_Try it_.
Each entry below must be given again word for word, with no pictures.

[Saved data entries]
________
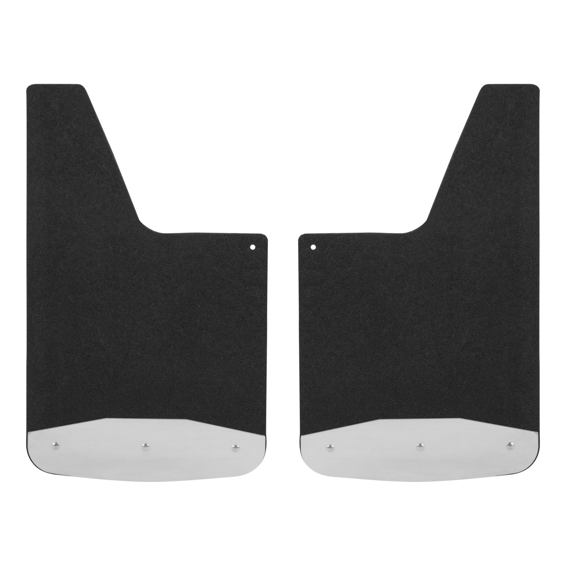 Whether you're on the job or off-roading through the wilderness, it doesn't take long for rocks and other debris to wreak havoc on the body of your truck. LUVERNE Textured Rubber Mud Guards are the perfect solution for maintaining that pristine, professional look. For the front or rear of the truck, these custom mud flaps add style and body protection. They are constructed from heavy-duty black rubber that stands up to road debris and sheds water with ease. They feature 18-gauge stainless steel plates to help protect the bottom edge and extend the life of the mud flaps. With their 3/8" thick, recycled rubber construction, Textured Rubber Mud Guards easily deflect everything from mud to gravel, protecting the body of your truck from scratches, chips and scuffs. They are also made to add a stylish accent to your truck, featuring stainless steel plates along the bottom edge of each flap. The plates are made from 18-gauge stainless steel to provide a heavy-duty, rust-resistant shield, and they feature a bright, high-polish finish for a long-lasting shine. The textured finish of the rubber mud flaps is also designed to easily hide minor scuffs and scratches and maintain a clean appearance. For an easy installation and a custom fit, these truck mud flaps are made vehicle-specific. This particular set fits specific years of the Ram 1500 (see application info to verify fitment). They install with corrosion-resistant fasteners and high-strength steel mounting brackets with a galvanized finish for long-lasting durability. Universal mud flaps are also available.
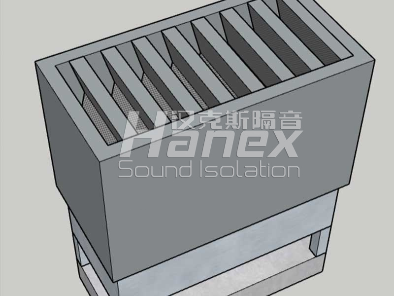 (2)消聲器總高度1500mm,分2段消聲,風口上方留有600mm空腔。根據現場勘測所得噪聲頻譜分析,空調外機排風口噪聲與五樓精密空調類似,低頻噪聲較高,因此選用100mm-150mm厚消聲插片,間距控制在100mm-150mm,保證消聲器對低頻噪聲的消聲量。
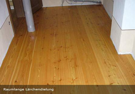 Nach historischer Vorlage wurden neue Dielen in einer Breite von25 cm und raumlang verlegt. Des weiteren wurden in diversen Räumen eine Felderdielungen mit Rahmung aus Eiche und Füllung in Lärche angelegt. Anschließend wurde der Boden geschliffen und mit Öl oberflächenbehandet.
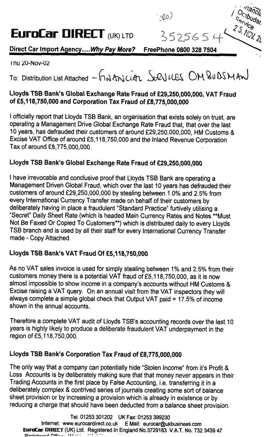 You will see that way back on 20-Nov-02, I decided to send this letter to everyone that I thought was in a position of authority to do something about Lloyds TSB countrywide False Exchange Rate Fraud "MUST NOT BE FAXED OR COPIED TO CUSTOMERS".
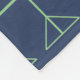 Trendy geometric pattern fleece blanket. Peach and green print on dark blue background.
________
_Result below_.
 Whether you're on the job or off-roading through the wilderness, it doesn't take long for rocks and other debris to wreak havoc on the body of your truck. LUVERNE Textured Rubber Mud Guards are the perfect solution for maintaining that pristine, professional look. For the front or rear of the truck, these custom mud flaps add style and body protection. They are constructed from heavy-duty black rubber that stands up to road debris and sheds water with ease. They feature 18-gauge stainless steel plates to help protect the bottom edge and extend the life of the mud flaps. With their 3/8" thick, recycled rubber construction, Textured Rubber Mud Guards easily deflect everything from mud to gravel, protecting the body of your truck from scratches, chips and scuffs. They are also made to add a stylish accent to your truck, featuring stainless steel plates along the bottom edge of each flap. The plates are made from 18-gauge stainless steel to provide a heavy-duty, rust-resistant shield, and they feature a bright, high-polish finish for a long-lasting shine. The textured finish of the rubber mud flaps is also designed to easily hide minor scuffs and scratches and maintain a clean appearance. For an easy installation and a custom fit, these truck mud flaps are made vehicle-specific. This particular set fits specific years of the Ram 1500 (see application info to verify fitment). They install with corrosion-resistant fasteners and high-strength steel mounting brackets with a galvanized finish for long-lasting durability. Universal mud flaps are also available.
 (2)消聲器總高度1500mm,分2段消聲,風口上方留有600mm空腔。根據現場勘測所得噪聲頻譜分析,空調外機排風口噪聲與五樓精密空調類似,低頻噪聲較高,因此選用100mm-150mm厚消聲插片,間距控制在100mm-150mm,保證消聲器對低頻噪聲的消聲量。
 Nach historischer Vorlage wurden neue Dielen in einer Breite von25 cm und raumlang verlegt. Des weiteren wurden in diversen Räumen eine Felderdielungen mit Rahmung aus Eiche und Füllung in Lärche angelegt. Anschließend wurde der Boden geschliffen und mit Öl oberflächenbehandet.
 You will see that way back on 20-Nov-02, I decided to send this letter to everyone that I thought was in a position of authority to do something about Lloyds TSB countrywide False Exchange Rate Fraud "MUST NOT BE FAXED OR COPIED TO CUSTOMERS".
 Trendy geometric pattern fleece blanket. Peach and green print on dark blue background.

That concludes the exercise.